Secara hitungan kursi parpol pendukung di DPR, Jokowi sudah unggul.

Penetapan Presiden dan Wakil Presdien Terpilih. Presiden dan Wakil Presiden terpilih Periode 2019-2024, Joko Widodo dan KH Ma'ruf Amin saat menuangkan air usai menerima surat keputusan di Gedung KPU, Jakarta, Ahad (30/6).
Foto: Republika/Putra M. Akbar
Penetapan Presiden dan Wakil Presdien Terpilih. Presiden dan Wakil Presiden terpilih Periode 2019-2024, Joko Widodo dan KH Ma'ruf Amin saat menuangkan air usai menerima surat keputusan di Gedung KPU, Jakarta, Ahad (30/6).
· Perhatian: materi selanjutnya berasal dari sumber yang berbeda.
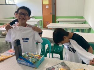 また日本のエージェントさんと、学校側からそれぞれジュニアキャンプ用のE-roomTシャツをもらい、子どもたちも喜んでいました。
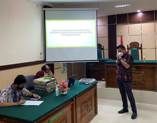 Bulukumba 10 Februari 2022. Bertempat di Ruang Sidang Utama Kantor Pengadilan Negeri Bulukumba telah dilaksanakan kegiatan Sosialisasi Program Kerja Zona Integritas pada setiap area oleh setiap koordinator area Zona Integritas. gram kerja yang telah ditetapkan ini akan menjadi acuan kegiatan selama 1 tahun.
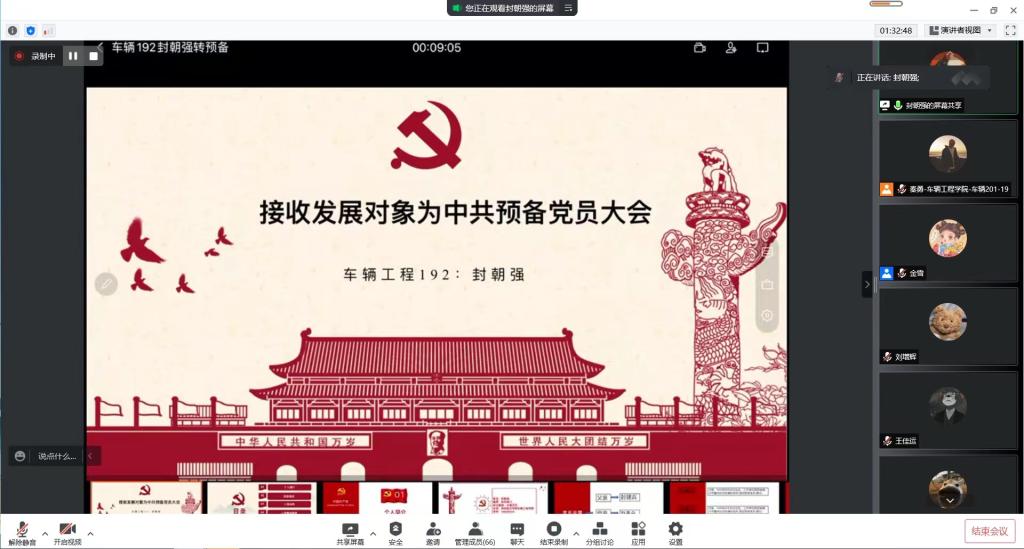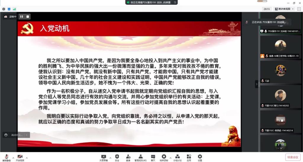 最后,支部书记做了总结讲话,向预备党员们表示祝贺并提出希望与建议。期望学生党员们进一步提高政治素质,向身边优秀党员学习,严格按照党员的标准来要求自己,履行党员应尽的义务,将理论与实践相结合,争取早日成为一名正式的共产党员。(文/车辆工程学院 金雪 图/车辆工程学院 秦勇)
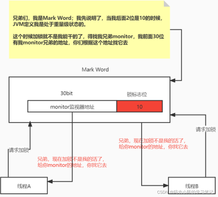 当Mark Word的最后两位的锁标志位是10的时候,Mark Word这哥们说自己处于重量级锁的模式,重量级加锁不是它的责任,是monitor的责任,它作为mark word记录的数据是monitor的地址,让我们自己去找monitor去进行加锁。
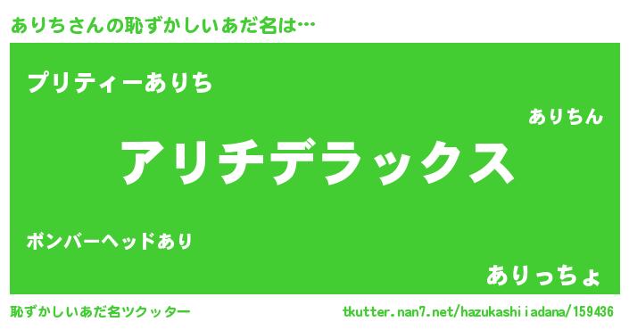 | ヘコむあだ名 | 『ありにー』『つくし』『ありち(笑)』 |
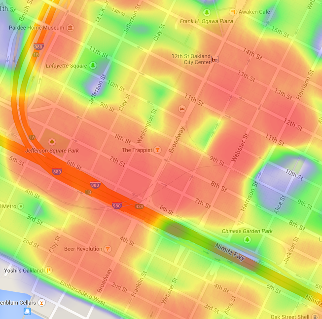Downtown: Oakland PD headquarters is located near the corner of 7th St. and Broadway, so the increased number of hits in this area are likely due to patrol cars traveling to and from police headquarters.
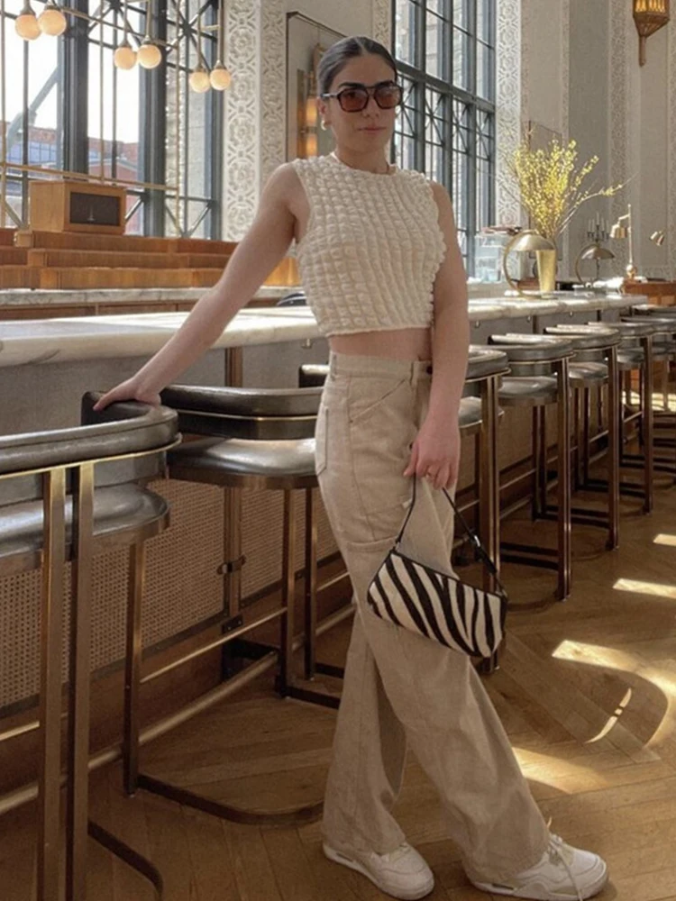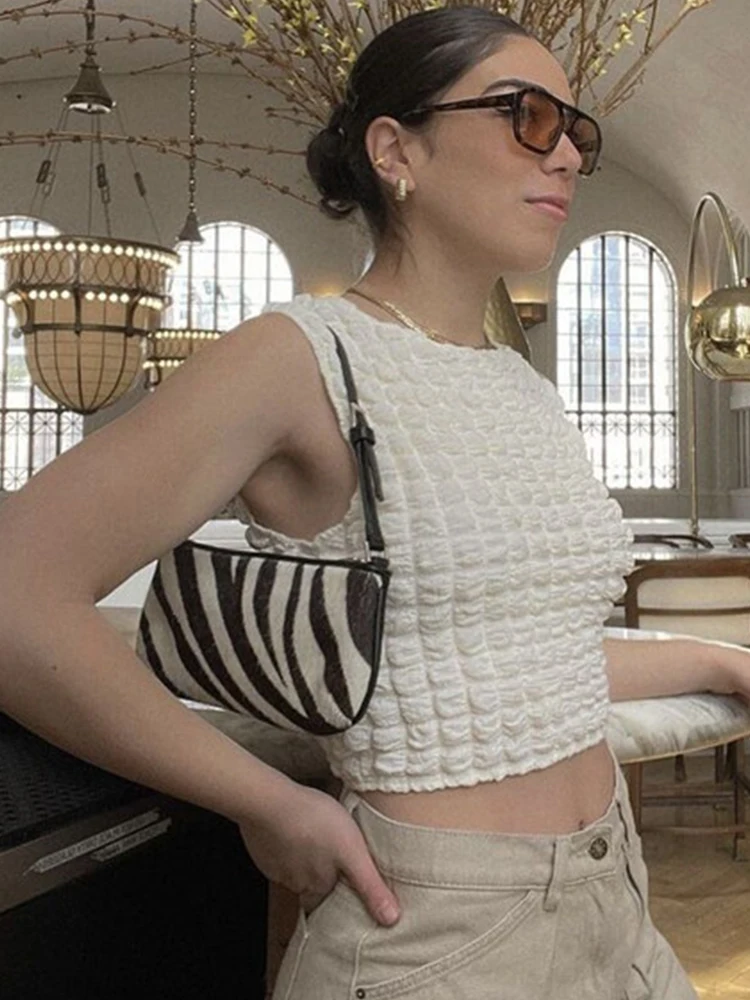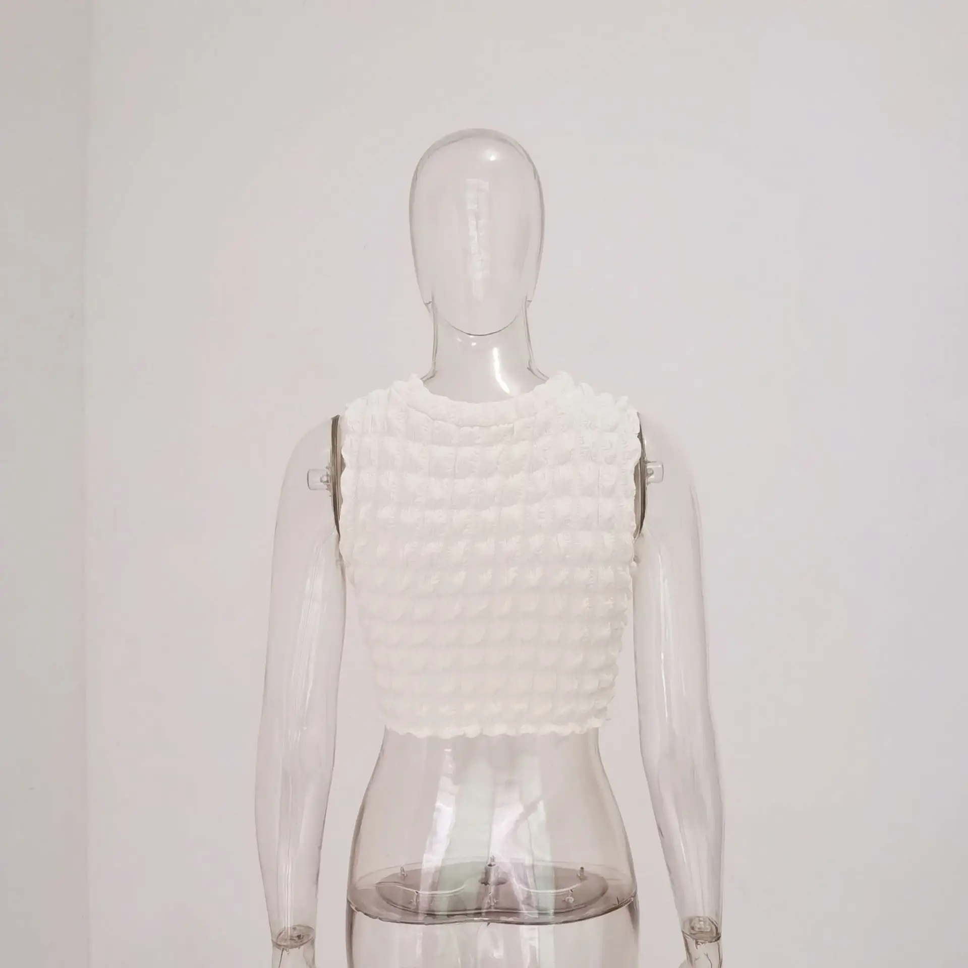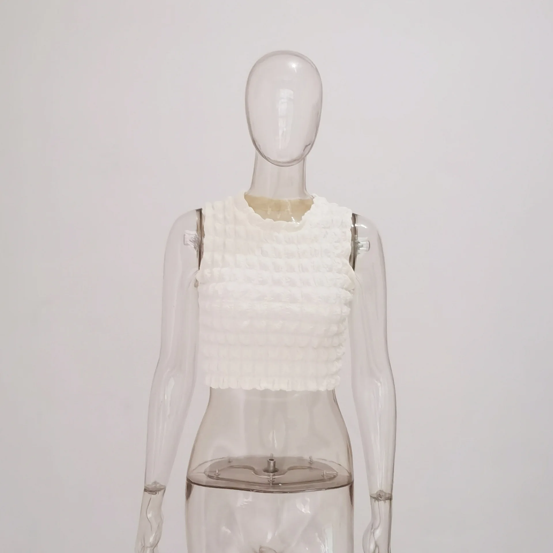 yipinpay Top White Crop Top Women O Neck Stunning Stacked Corset Top Solid Skinny Basic Camisoles Sleeveless Streetwear Y2K Top

REPUBLIKA.CO.ID, JAKARTA -- Pengamat Politik UIN Syarif Hidayatullah, Jakarta, Iding Rosyidin menyebutkan tidak perlu ada penambahan partai lagi untuk tergabung dalam koalisi pendukung Jokowi-Ma'ruf Amin. Secara hitungan kursi parpol pendukung di DPR, Jokowi sudah unggul.

"Kalau kita berbicara soal perspektif demokrasi, tapi menurut saya tidak terlalu penting (koalisinya) harus besar karena kalau oposisinya kecil, check and balances-nya kurang," ujar Iding saat dihubungi di Jakarta, Senin (1/7).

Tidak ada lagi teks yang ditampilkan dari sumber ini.